Incidents associés

Le président-directeur général de Facebook, Mark Zuckerberg, témoigne lors d'une audience du comité des services financiers de la Chambre à Washington, le 23 octobre 2019.
Meta, anciennement connu sous le nom de Facebook, fait face à de nouvelles accusations de la part d'investisseurs pour avoir prétendument enfreint les lois fédérales sur les valeurs mobilières en présentant des déclarations inexactes sur les dommages que ses produits peuvent causer.
Le procès du procureur général de l'Ohio Dave Yost allègue que Facebook a induit le public en erreur sur les effets négatifs que ses applications peuvent avoir sur le bien-être des enfants. Yost a déposé l'affaire en tant que recours collectif fédéral au nom d'un fonds de pension public de l'Ohio et d'autres investisseurs de Facebook.
L'affaire fait suite divulgations de l'ancienne employée de Facebook Frances Haugen, qui a remis un trésor de documents contenant des recherches internes aux journalistes, au Congrès et à la Securities and Exchange Commission. Les documents montrés Facebook avait mené des recherches évaluant la santé mentale l'impact de son application Instagram sur les adolescents et a constaté que le service de partage de photos aggravait les problèmes corporels d'une adolescente sur trois.

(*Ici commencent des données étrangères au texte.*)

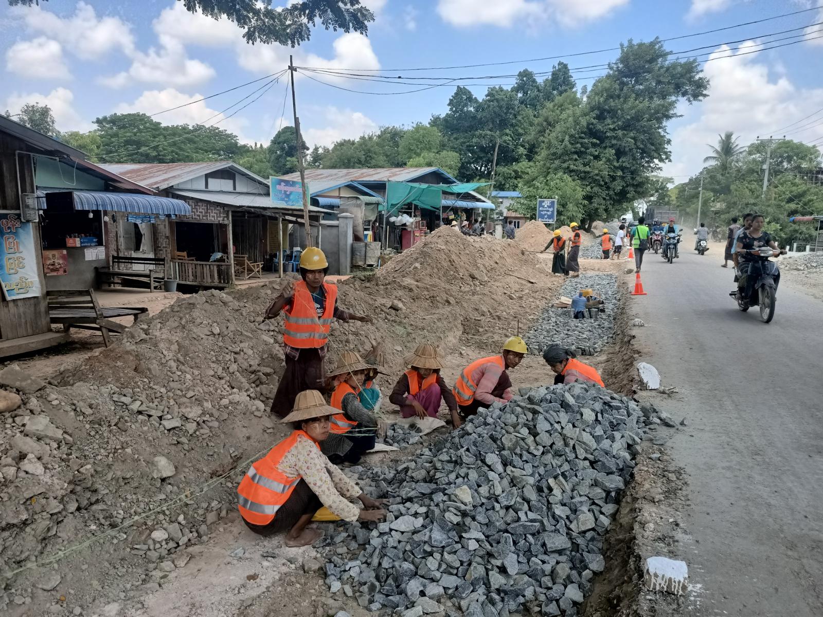 အဆိုပါ လမ်းပိုင်းခင်းခြင်းလုပ်ငန်းအတွက် တိုင်းဒေသကြီးရန်ပုံငွေဖြင့် ၁ မိုင် ၆ ဖာလုံအတွက် ၁၈ပေ အကျယ် ကတ္တာရာလမ်းချဲ့ခြင်းအတွက် ကုန်ကျမှု ၂၃၃ သန်း၊ ၆ ဖာလုံအတွက် ၃၄ ပေအကျယ် မြေသား တာဘောင်ဖို့ခြင်း အတွက် ကုန်ကျမှု ၄၇ ဒသမ ၉၁၀ သန်း အကုန်ကျခံကာ ဆောင်ရွက်လျက်ရှိကြောင်း မြို့နယ်လမ်းဦးစီးဌာန ဦးစီးမှူးထံမှ သိရသည်။

Facebook a répliqué en soulignant l'impact positif que ses services peuvent avoir sur les utilisateurs et a affirmé que certains des résultats de l'étude sur la santé mentale avaient été mal interprétés. Mais de nombreux législateurs et parents ont déclaré que Facebook aurait dû faire plus pour minimiser les dommages et améliorer l'expérience des utilisateurs.

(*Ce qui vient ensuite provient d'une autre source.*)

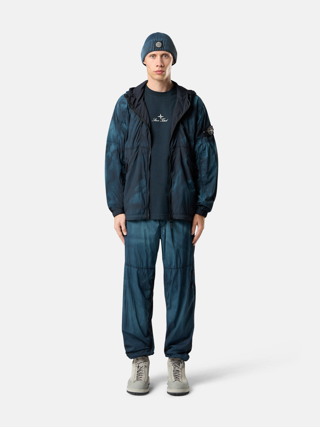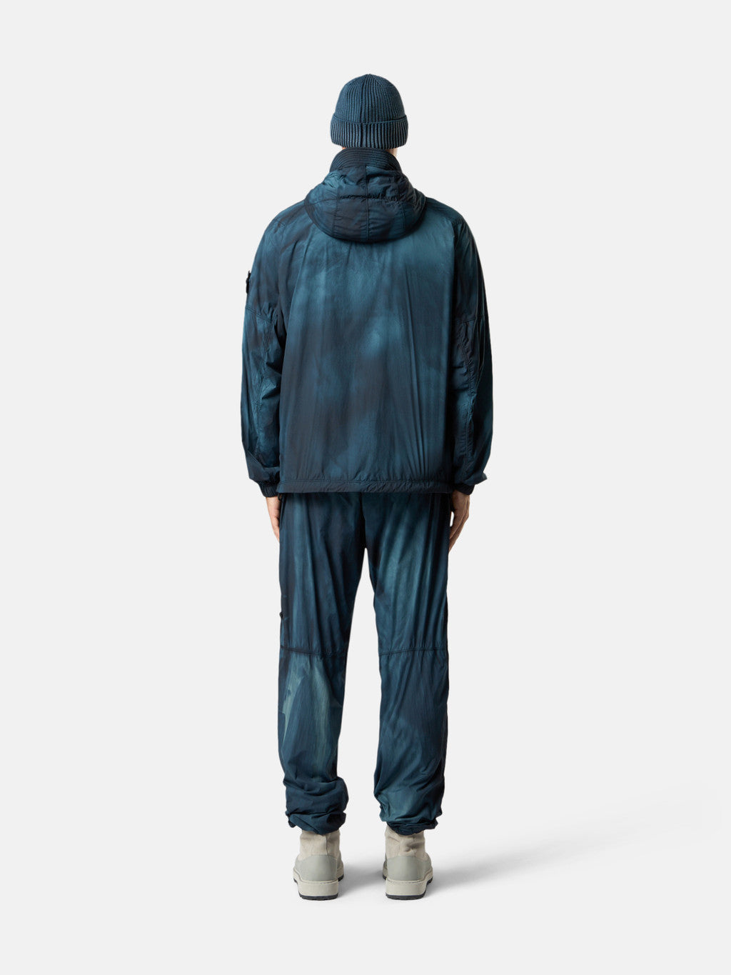 Hooded jacket made from a performance fabric using ultra-fine denier microfibre nylon yarns with a thin wind- and water-resistant coating. Garment dyed with carefully selected dyes, then faded through an innovative corrosion treatment, reflecting Stone Island's ongoing commitment to research and experimentation. The corroded areas take on a worn appearance and varying colours due to the irregularity of the treatment, creating a blurred effect and making each piece unique. Nylon mesh lining.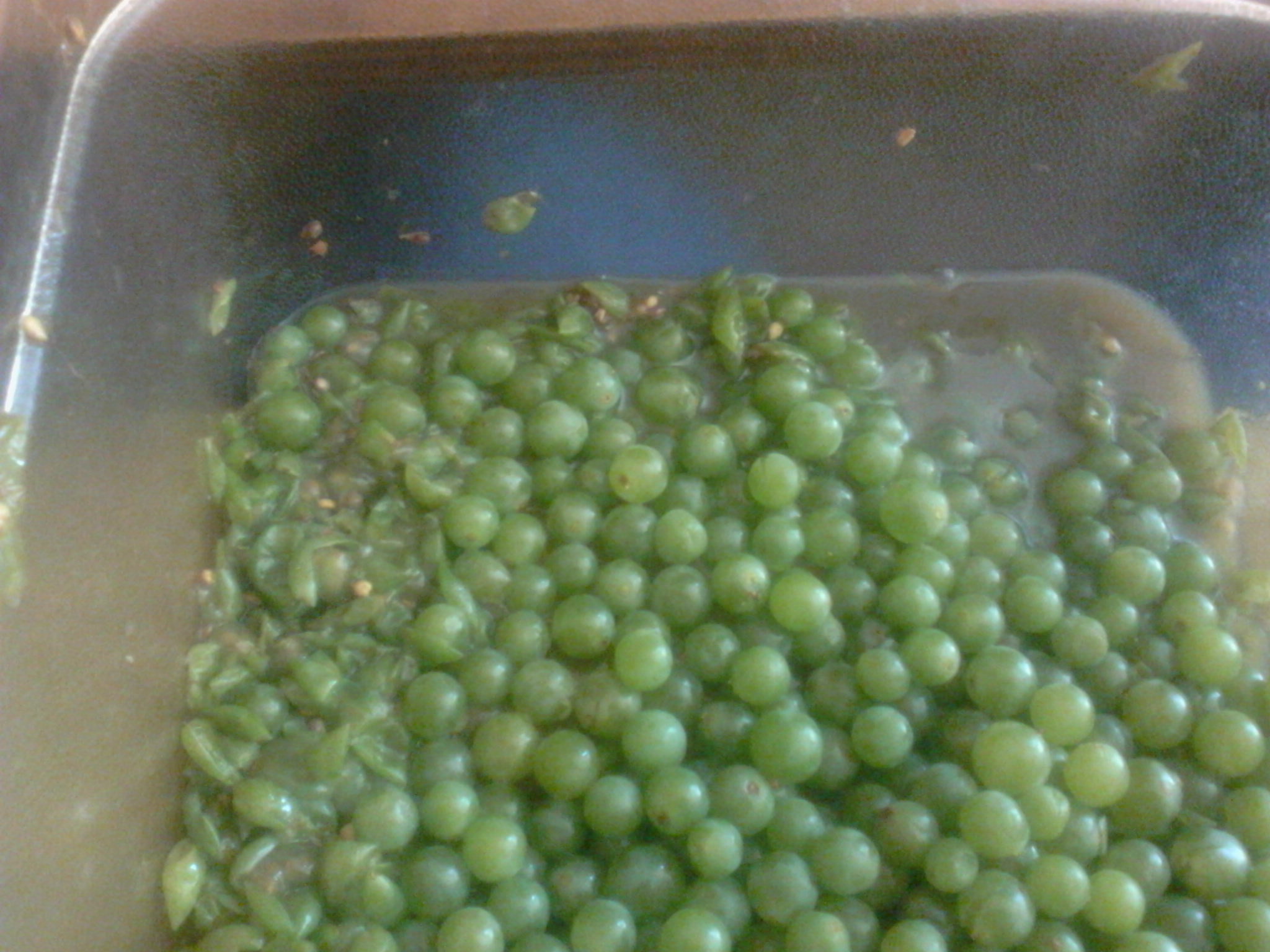 I now have about 85 million green grapes (give or take) in my kitchen which I will be turning into white wine. Some of them have been cleaned, de-stemmed, smashed, mixed with honey and deposited into Tillamook ice cream 3-gallon containers (obtained from the Tillamook store in Tillamook, OR for .50 apiece, thank you very much). That took two days. I have at least one more 3-gallon vat worth of grapes yet to process. By the time I’m finished, I will have touched every single one of these grapes.

Un porte-parole de Meta a qualifié la poursuite de "sans fondement" dans un communiqué et a déclaré : "nous nous défendrons vigoureusement".
Le procès allègue que le PDG Mark Zuckerberg et d'autres responsables de l'entreprise ont sciemment fait de fausses déclarations sur la sûreté et la sécurité de ses services. Il indique que la baisse de la valeur des actions de Facebook depuis la première publication des documents a fait perdre plus de 100 milliards de dollars au système de retraite des employés publics de l'Ohio (OPERS) et à d'autres investisseurs.
Yost cherche à récupérer la valeur perdue et demande à Facebook de modifier ses pratiques pour s'assurer qu'il n'induira pas le public en erreur à l'avenir.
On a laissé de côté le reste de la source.